Smit with the lightnings vivid glare

O'erhang the craggy road,

And whistle hollow, as they wave,
Within a solitary grave

A wretched suicide holds his accurs'd abode.

The broken stave was closed with an alexandrine at a very early period. The following intricate specimen was used by Spenser in his Epithalamion, written on the marriage of the two Ladies Somerset, daughters of Lord Worcester. It may be considered as compounded of a ballet-stave of 6, a peculiar ballet-stave of 5 with three terminations, another ballet-stave of 6, and a final couplet

-the first and second staves receiving band from the rhime. Each of the three staves breaks its last verse.

Open the Temple-gates unto my love!

Open them wide, that she may enter in,
And all the posts adorn, as doth behove,
And all the pillars deck with garlands trim,
For to receive this Saint with honour due,
That cometh in to you;

With trembling steps and humble reverence
She cometh in before the Almighty's view-
Of her ye Virgins learn obedience,
When so ye come into these holy places,

To humble your proud faces.

Bring her up to th' High Altar, that she may
The varied ceremonies there partake
The which do endless matrimony make,
And let the roaring organs loudly play
The praises of the Lord with lively notes;
The whiles with hollow throats

The Choristers the joyous anthem sing,

That all the woods may answer, and their echo ring, &c.

The stave which Cowley uses in his Ode to Light is of the same kind, but of greater simplicity.
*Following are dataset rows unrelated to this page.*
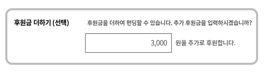 제주도 및 도서산간 지역은 3,000원의 추가 배송비가 발생합니다. 예약구매시 ‘리워드 선택 후’ ‘후원금 더하기’에 후원금을 3,000원으로 입력부탁드립니다. 미입력시 개별 연락 드리는 불편함이 발생할 수 있습니다. 꼭 후원금 추가 입력 부탁드립니다. :)
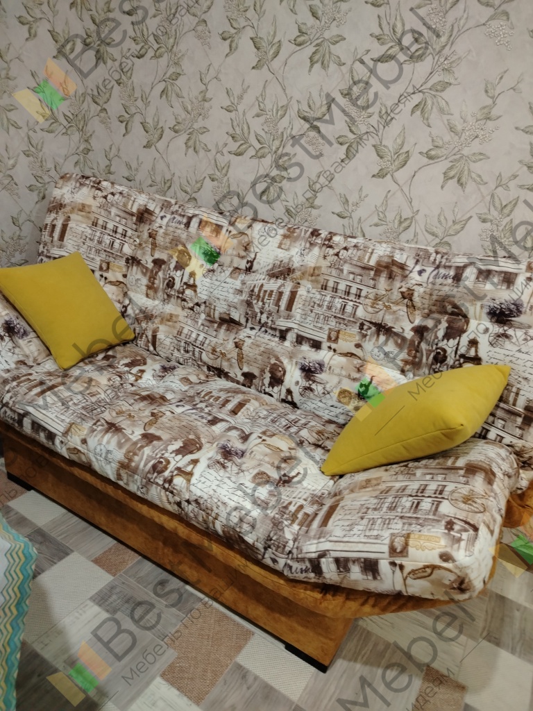 Мы выбрали пеструю обшивку и жёлтые подушки. Диванчик получился как картинка. Выглядит очень аккуратно, чехол можно снять. Легко раскладывается.
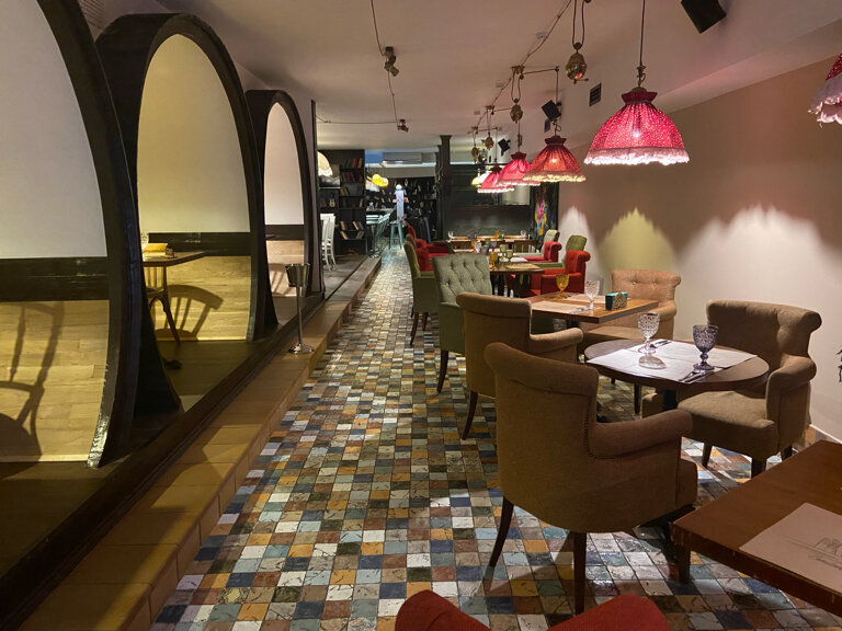 Отвратительная дрянь. Интерьер ужасный, просто блевотина. Заказали с другом мясо,обоим было плохо, ещё и за такие деньги. Меня тошнило ужасно. Атмосфера дешёвого клуба. НАХОДИТСЯ В ПОДВАЛЕ. Бедного мужика, который зазывает всех в костюме жалко, думаю, этот ресторан долго не продержится с таким соотношением цена/качество.
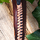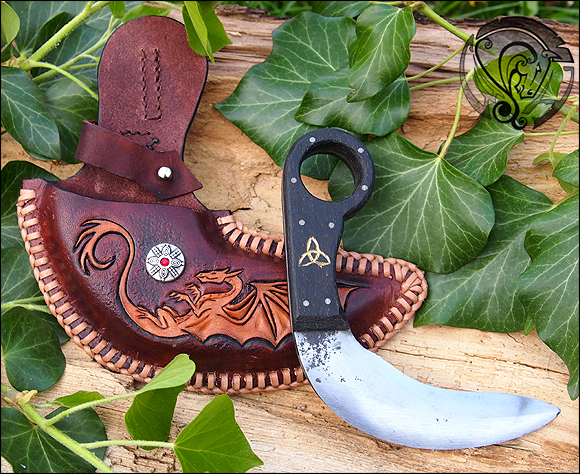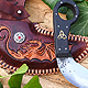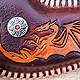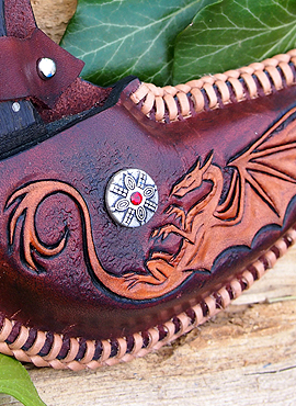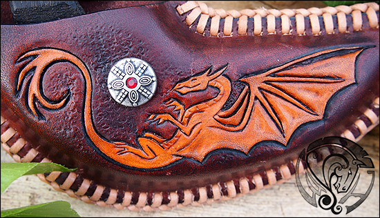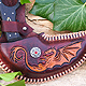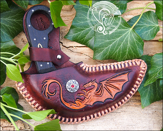 Die Lederhülle in kräftigem mahagoni und tan wurde mit einem kleinen Drachen
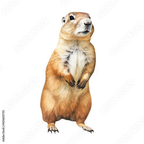 Watercolor Isolated Beige Prairie Dog Standing on its Back Legs Looking in the Distance
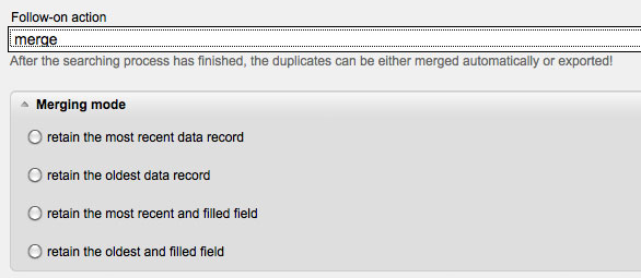 Under 'Follow-on Action' you may either choose between 'Merge' or 'Export'. In the case you did not choose any follow-on action, you will first get to the search results page and then you can decide how to continue. 'Export' creates a CSV file, which you can save on your computer and edit manually. 'Merge' merges the data records according to the selected options. The 'Merging Options' are the following:
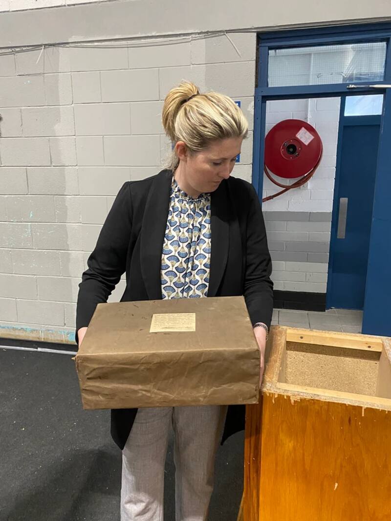 Luego de examinarlo, llevaron el paquete a la oficina de la directora Máire Quinn, envuelto en papel con una etiqueta escrita a mano en latín con la fecha de 1787 en la parte superior. Una rápida traducción sugería que el objeto contenía restos de un santo.
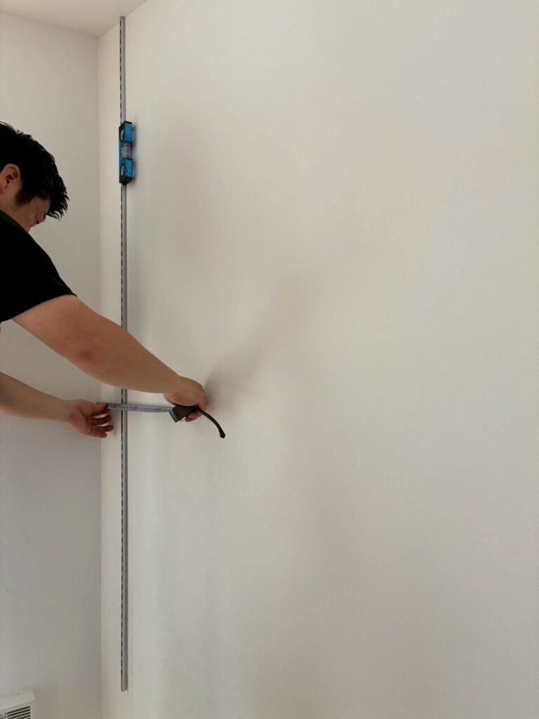 まず、下地の位置を確認しながら棚柱を取り付けます。
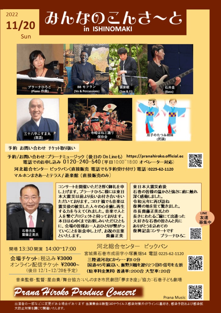 『みんなのこんさ~と in 石巻』が2022年11月20日 (日)に河北総合センター ビッグバン 文化交流ホール(宮城県石巻市成田小塚裏畑54)にて開催されます。

The original was doubtless Waller's stave, consisting of two rhiming couplets.* I quote the ode at some length, as it is one of the few cases, in which poetry has succeeded in throwing grace and beauty over the stern truths of science.

-All the world's brav'ry that delights our eyes

Is but thy sev'ral liveries,

Thou the rich dye on them bestow'st,

Thy nimble pencil paints this landscape as thou go'st.

A crimson garment in the rose thou wear'st,
A crown of studded gold thou bear'st-

The virgin lilies in their white

Are clad but in the lawn of almost naked light.

* See p. 302.

The violet, Spring's little infant, stands

Girt in thy purple swaddling bands ;

On the fair tulip thou dost doat,

Thou cloth'st them in a gay, and party-colour'd coat, &c. &c.

Through the soft ways of heav'n and earth and sea,
Which open all their pores to thee,

Like a clear river thou dost glide,

And with thy living stream, through the close channels slide

But the vast ocean of unbounded day

In th' empyrean heav'n does stay;
Thy rivers, lakes, and springs below,

From thence took first their rise, thither at last must flow.

;

It may be observed, before we close the chapter, that Chatterton has used the Spenser-staves, in the poems which he ascribed to Rowley. This anachronism would, of itself, be sufficient to prove the forgery, even though it had baffled every other test, which modern criticism has applied to it.